The subsequent year, from 2021 to 2022, experienced a re-emergence of IMD, especially among university-aged individuals and infants. There was a noticeable uptick in MenB cases, particularly after most COVID-19 restrictions were lifted in July 2021. The incidence rate for this year was 0.31 per 100,000, and fatalities remained relatively low.
From 2022 to 2023, the third pandemic year started with a decline in IMD cases after the winter peak, but by late 2022, MenB cases surged, surpassing pre-pandemic levels by January 2023, raising the overall incidence rate to 0.64 per 100,000.
Interestingly, MenB cases expanded in all age groups except infants, where they remained stable. Mortality during this year was 0.05 per 100,000, with the highest deaths in infants, young adults, and the elderly.
Lastly, when examining the strains between April 2017 and March 2023, 2,490 IMD cases were laboratory-confirmed in England. During the pre-pandemic years, a majority of cases were confirmed by culture, but the pandemic saw a drop in this rate.
Among these strains, changes in prevalence were noted, such as ST-485 (CC41/44) becoming more dominant in MenB cases. On the other hand, the prevalence of non-MenB strains like MenW and (meningococcal serogroup Y) MenY remained relatively consistent, and no significant phylogenetic changes were observed throughout the study period.
To summarize, COVID-19 measures led to significant drops in respiratory diseases globally.
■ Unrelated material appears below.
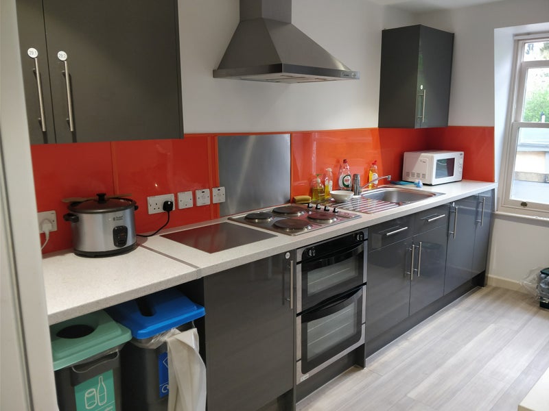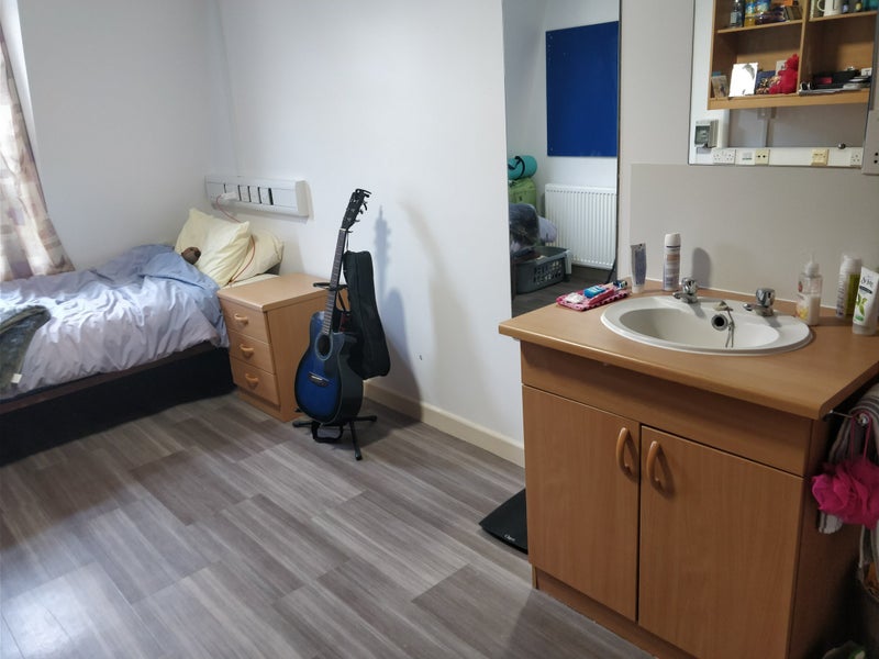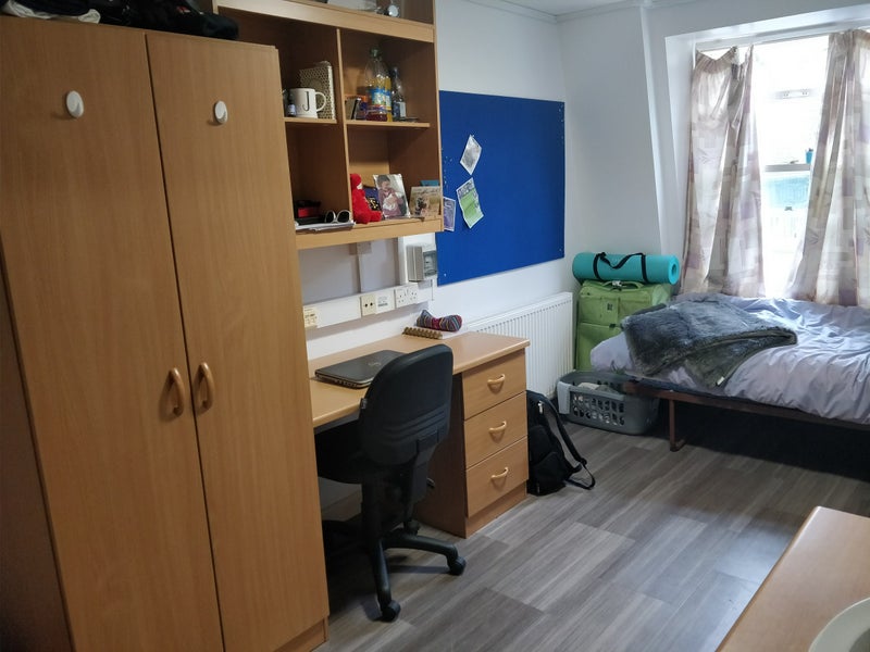 Furnished single room in Pulteney Court with single bed, desk, sink, and closet. Shared kitchen between 5 people and two shared bathroom between the same 5. The room is available whenever but the lease ends in September.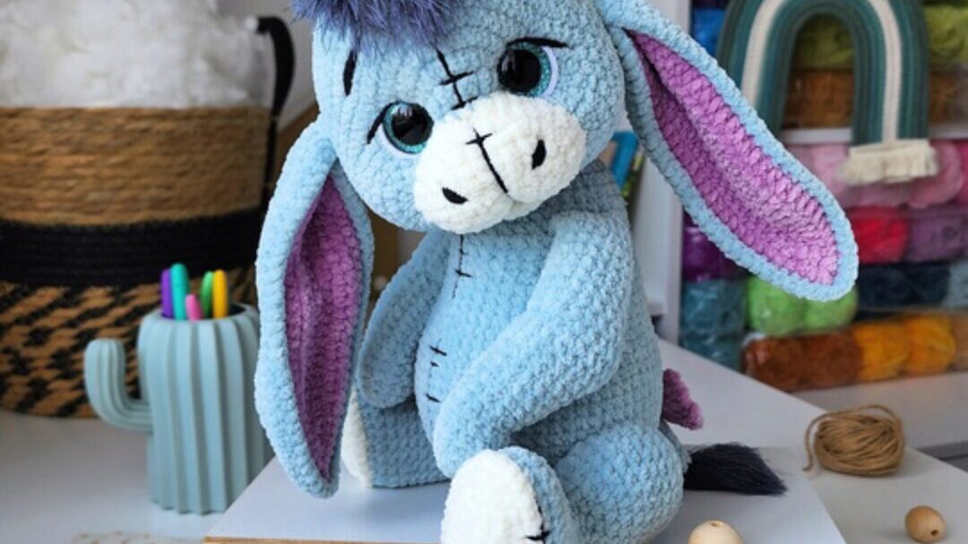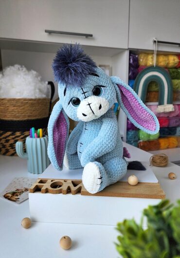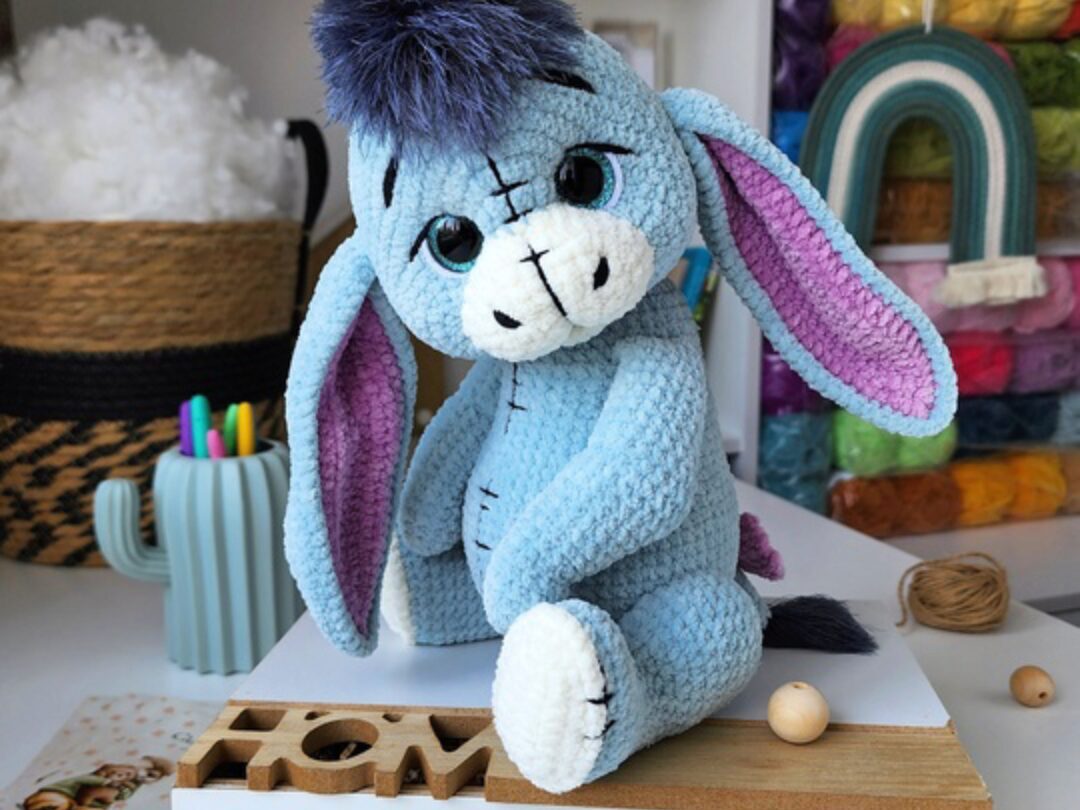 Ослик вяжется из стандартной плюшевой пряжи 100гр/120м. Ноги и руки ввязываются в тело, голова на шплинтовом креплении. Ростом игрушка получается примерно 33-34 см.

In England, post the March 2020 lockdown, there was a 73% reduction in IMD. Yet, after lifting the final restrictions in 2021, there was a spike in MenB disease, particularly among older teenagers and young adults, likely attributed to high meningococcal carriage rates and behaviors such as sharing university accommodations.
By 2022/23, MenB cases increased in almost all age groups, suggesting a spread from young adults to others. Despite the rise in MenB cases after the relaxation of COVID-19 measures, MenACWY disease remained stable due to the effectiveness of the adolescent MenACWY vaccine introduced in 2015.